An enigmatic plant-eating theropod from the Late Jurassic period of Chile

a, Partial right (?) maxilla in lateral view. b, Left premaxilla in medial view. c, Right dentary in lateral view.d, Details of dentary teeth in lingual view. e, Crown of unerupted dentary tooth. f, Detail of the carina of an unerupted…
No beaks on Chilesarus, no sir!!

credit Fernando Novas
Although many of the artistic depictions of Chilesaurus give it proto-beak of sorts I think this is more indicative of convention rather than direct proof of a proto-beak in Chilesaurus.

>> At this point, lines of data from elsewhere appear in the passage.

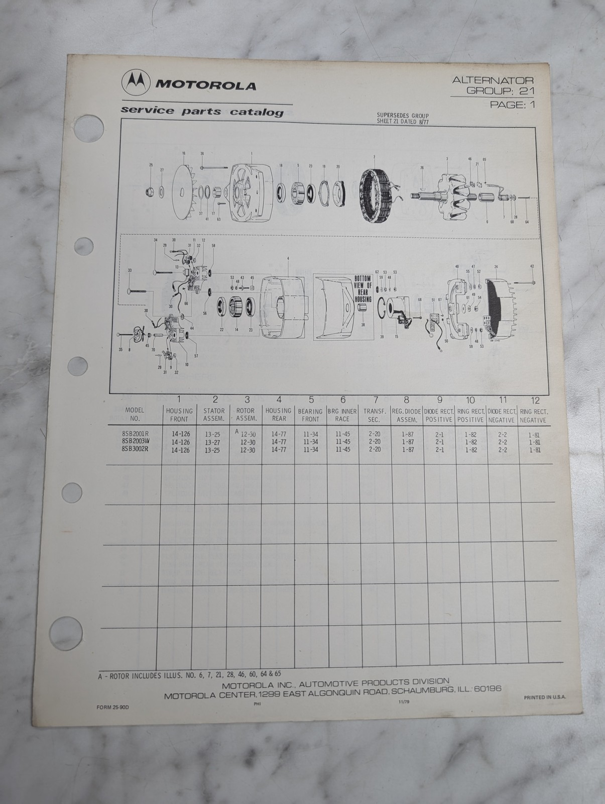 Motorola Service Repair Parts Catalog List Book Manual Alternator Group 21 1979
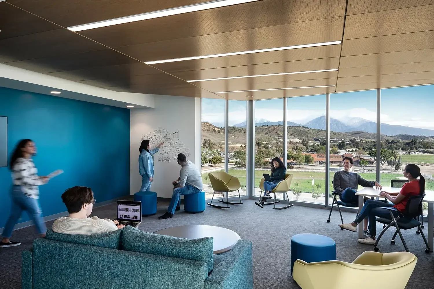 Inside the two student housing buildings behind the Dining Commons, there are dedicated gathering spaces on every floor. Some areas are more private for quiet study, while others stimulate student engagement and interaction. Giant wall boards are provided for students to collect and organize their thoughts, and work out presentations.
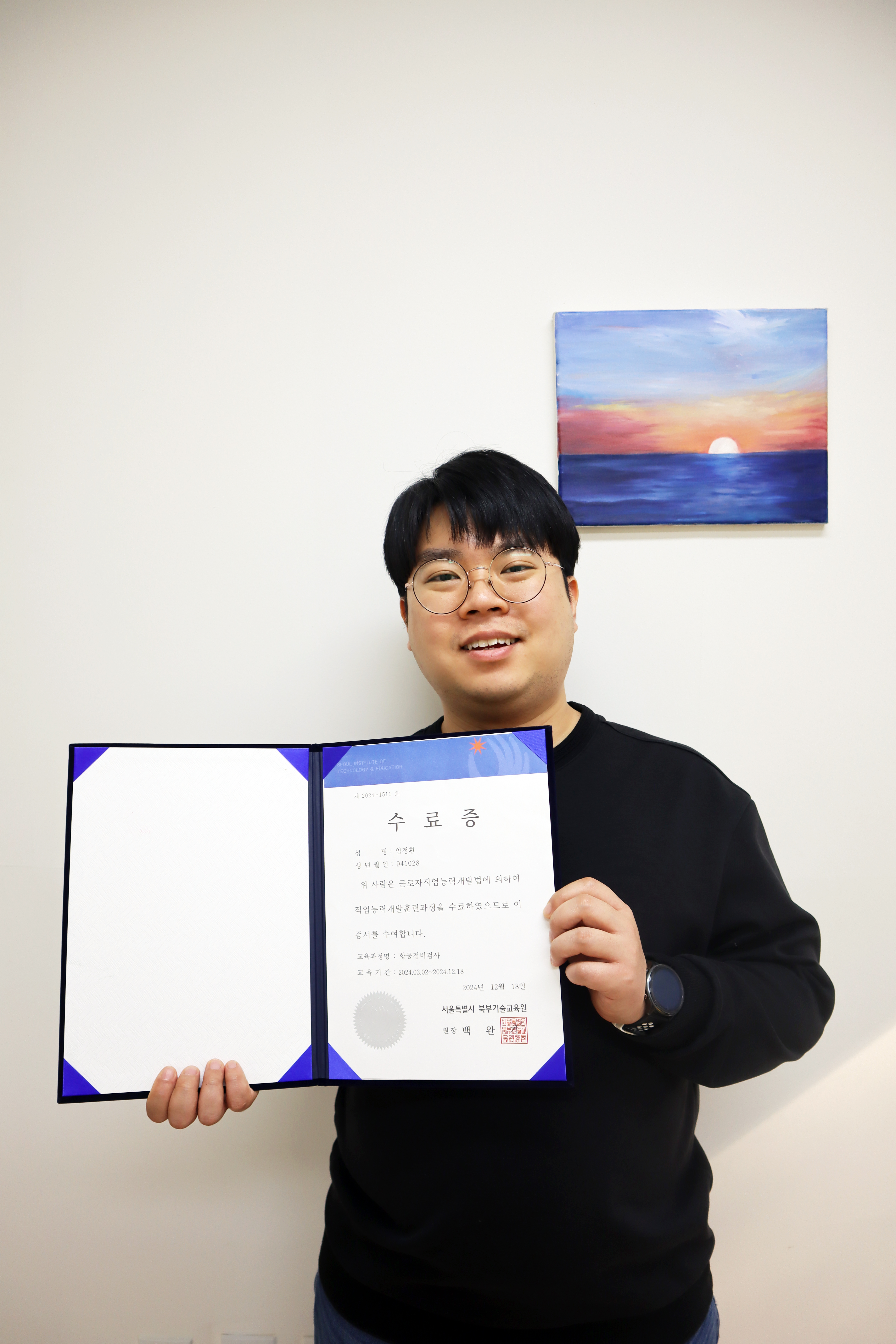 안녕하세요. 항공 정비 검사 분야 직업을 목표로 자격증 시험에 도전하고 있는 임정환입니다. 저는 작년 3~12월까지 북부기술교육원에서 항공정비와 비파괴 검사 수업을 수강했습니다. 항공기 정비와 항공기 재료와 배관 등을 파괴하지 않고 결함을 검출하는 방법을 배웠습니다. 용접부에 있는 결함을 검출해내서 사고를 미연에 방지할 수 있기에 매우 중요하다고 생각합니다.

I would be remiss not to mention Incisivorosaurus guathieri. This animal being a coeulerosaur is on the branch that underwent feathering, so it potentially could have had dispensed with scales on the face and lacked true lizard lips. Yet it follows more of the trend we see in Chilesaurus… interesting. More derived oviraptors lost all of their teeth.

Incisivosaurus gauthieri credit Jaime A. Headden
Did Incisivosaurus actually have a beak? Was it just embarking on the process of keratinizing its oral margin? If it was just in the incipient stages of keratinizing that would explain why teeth are still very apparent and important in its feeding ecology and anatomy. The pubic bone was not quite so retracted in Incisivosaurus as compared to Chilesaurus. So Incisivosaurus differed from Chilesaurus in that it was just in the incipient stages of herbivory while Chilesaurus was much further along in its dedication to herbivory. Go further: The Origin of Oviraptorosaurs (Diet in Oviraptorosaurs III)

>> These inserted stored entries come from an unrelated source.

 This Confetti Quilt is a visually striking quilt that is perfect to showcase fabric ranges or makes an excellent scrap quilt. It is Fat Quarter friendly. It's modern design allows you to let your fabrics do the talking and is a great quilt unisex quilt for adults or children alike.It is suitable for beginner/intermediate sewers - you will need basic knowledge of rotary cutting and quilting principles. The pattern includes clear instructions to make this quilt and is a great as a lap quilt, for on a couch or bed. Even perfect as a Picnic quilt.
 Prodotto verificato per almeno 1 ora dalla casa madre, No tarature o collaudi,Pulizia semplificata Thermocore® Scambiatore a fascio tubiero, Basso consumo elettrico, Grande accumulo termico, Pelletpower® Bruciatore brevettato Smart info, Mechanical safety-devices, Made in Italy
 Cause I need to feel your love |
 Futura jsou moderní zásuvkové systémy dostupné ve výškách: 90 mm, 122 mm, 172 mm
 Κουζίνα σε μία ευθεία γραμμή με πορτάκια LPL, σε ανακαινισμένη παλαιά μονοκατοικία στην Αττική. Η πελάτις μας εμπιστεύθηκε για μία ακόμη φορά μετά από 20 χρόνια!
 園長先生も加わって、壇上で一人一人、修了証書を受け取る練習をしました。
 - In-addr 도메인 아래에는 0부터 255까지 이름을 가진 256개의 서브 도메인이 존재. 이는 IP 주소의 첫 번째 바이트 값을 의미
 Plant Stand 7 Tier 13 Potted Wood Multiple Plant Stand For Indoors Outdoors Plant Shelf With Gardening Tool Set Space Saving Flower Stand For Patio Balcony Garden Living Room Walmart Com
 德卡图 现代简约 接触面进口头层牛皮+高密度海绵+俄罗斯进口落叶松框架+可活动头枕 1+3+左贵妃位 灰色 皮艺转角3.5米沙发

As I mentioned on my last post it is hard to ascribe hard and fast rules to these things. As soon as you start to press down and announce "Aha that's it!!" exceptions start to arise. Biology is squishy and messy.

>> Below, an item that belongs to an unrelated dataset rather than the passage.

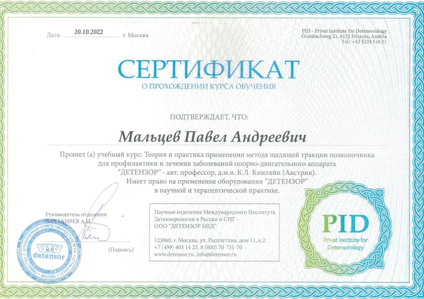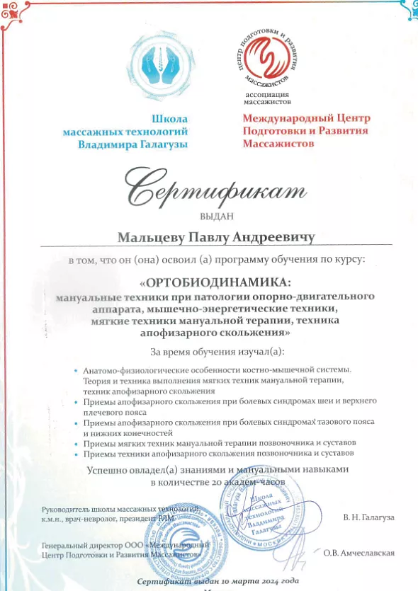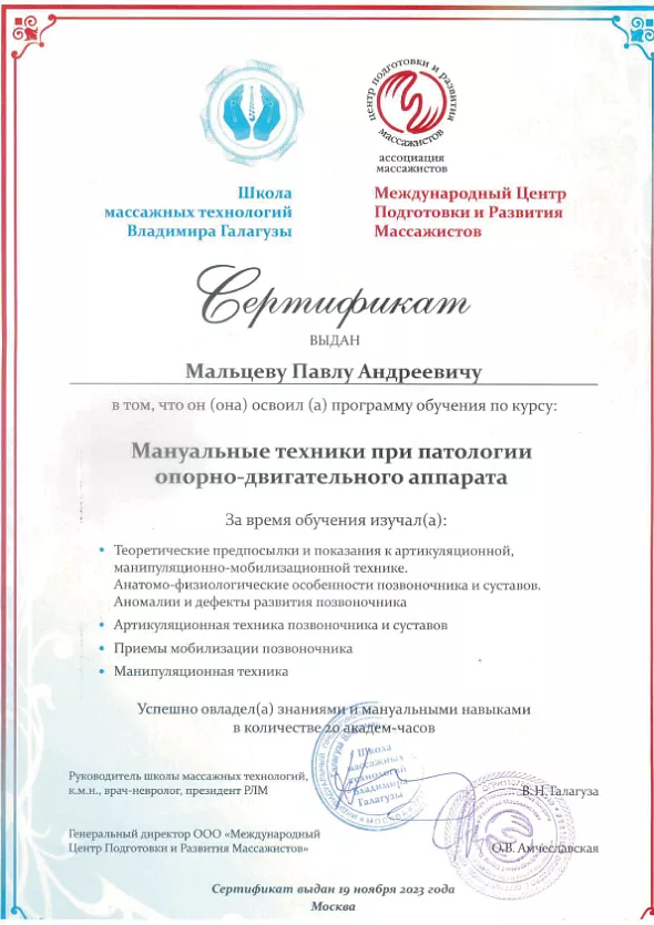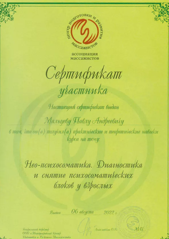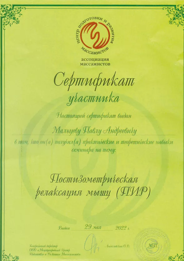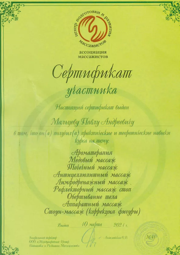 • 2020: сертификат «Медицинский массаж»

But I do think that this approach looking at the beaked and the beak less with respect to ecological imperatives gives a faint signal of likely facial appearance and 'lippiness" emerging through the murk of deep time.

In short my parting thoughts on the lip question in theropods are; basal theropods near the sauropod split likely had lizard lips; spinosaurids, unenlagines, piscivorous & small game hunters, kinked snouted theropods, and abelisaurids theropods of that gestalt may have had partially or even completely keratinized oral margins or perhaps even split the difference i.e. lips on lower jaw & keratin on above jaw for abelisaurids; derived predatorial theropods that had underwent evolution of "proto-feathers" may have lost scales on the face and therefore lost lizard lips and adopted a quasi-canid looking "meat curtain" lip gestalt; these same "meat curtain" theropods underwent evolution of rhampotheca i.e. "beaks" when sexo-social display structures stimulated increased consumption of carotenoids leading to increased herbivory. Beaked theropods survived the K/T extinction, not coincidentally their survivorship has been attributed to an ability peck and forage for seeds and other small food stuffs with their beaks.

What wears a mask of a beak, hides a former lippy pedigree. No one cares about me until I wear the mask.



credit Danielle Dufault


Or.... did some beaked lineages of theropods evolve beaks not through feeding on terrestrial foodstuffs but through dabbling in water for food?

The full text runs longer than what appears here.